SECTION 6.Regular Meetings. Regular meetings of the Board of Directors shall be held at such times and places as the Board of Directors shall from time to time by resolution determine.
SECTION 7.Special Meetings. Special meetings of the Board of Directors shall be held whenever called by the Chairman of the Board, Chief Executive Officer or President or by a majority of the directors then in office.
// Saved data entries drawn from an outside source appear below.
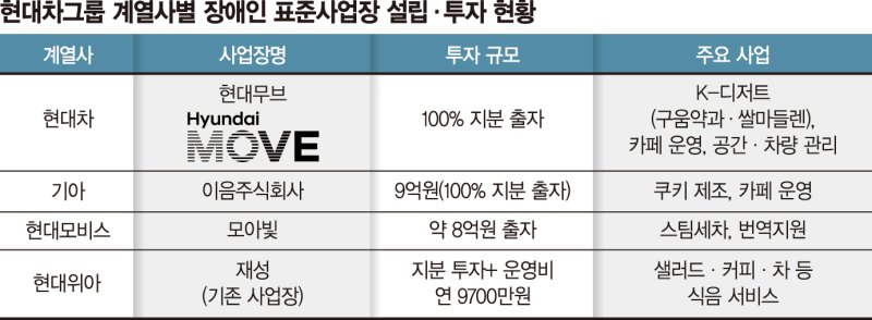 그룹 계열사 전반으로도 관련 움직임이 확산되고 있다. 기아는 지난해 6월 그룹 계열사 중 처음으로 9억원을 출자해 자회사형 장애인 표준사업장 '이음주식회사'를 설립해 쿠키 제조와 카페 운영을 시작했다.
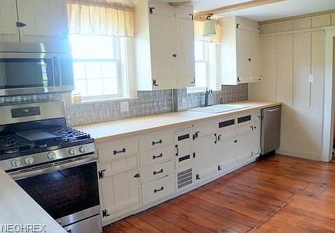 Motivated Sellers! Step into the past with this remarkable Century home on 4 acres, in Springfield School District. Built in 1867, with many porches, you enter this home through a charming foyer. Large Living Room has an 8 ft Open Hearth wood-burning fireplace. This leads to lovely, cozy office, and right off the office is a re-done 1/2 bath. Kitchen has been redone, with painted cupboards, butcher block counters, tin back splash, and newer stainless appliances. Refinished original oak plank floors lead into the formal dining room. Hardwood floors throughout the home. Upstairs includes 4 bedrooms and redone full bathroom. House comes with a bank barn, perfect for 4H students and family projects. Also, includes a new 22x16 wood deck, and 1/2 cement basketball court with lights. Exterior lights on house, deck and barn. Property includes cherry, apple, and perar trees. There are several lilac bushes. Barn roof replaced 2010.
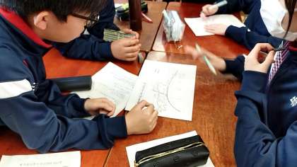 洞川集落を散策するオリエンテーリングの計画を、班ごとに練っているようです。

SECTION 8.Notice of Meetings. A notice of the place, date and time and the purpose or purposes of each meeting of the Board of Directors shall be given to each director by mailing the same at least two days before the meeting, or by telegraphing or telephoning the same or by delivering the same personally not later than the day before the day of the meeting.
SECTION 9.Organization. At all meetings of the Board of Directors, the Chairman, if any, or if none or in the Chairman’s absence or inability to act the Chief Executive Officer, if any, or if none or in the Chief Executive Officer’s absence or inability to act the President, or in the President’s absence or inability to act any Vice-President who is a member of the Board of Directors, or in suchVice-President’s absence or inability to act a chairman chosen by the directors, shall preside. The Secretary of the Corporation shall act as secretary at all meetings of the Board of Directors when present, and, in the Secretary’s absence, the presiding officer may appoint any person to act as secretary.
SECTION 10.Resignation. Any director may resign at any time upon written notice to the Corporation and such resignation shall take effect upon receipt thereof by the Chief Executive Officer, President or Secretary, unless otherwise specified in the resignation. Any or all of the directors may be removed, with or without cause, by the holders of a majority of the shares of stock outstanding and entitled to vote for the election of directors.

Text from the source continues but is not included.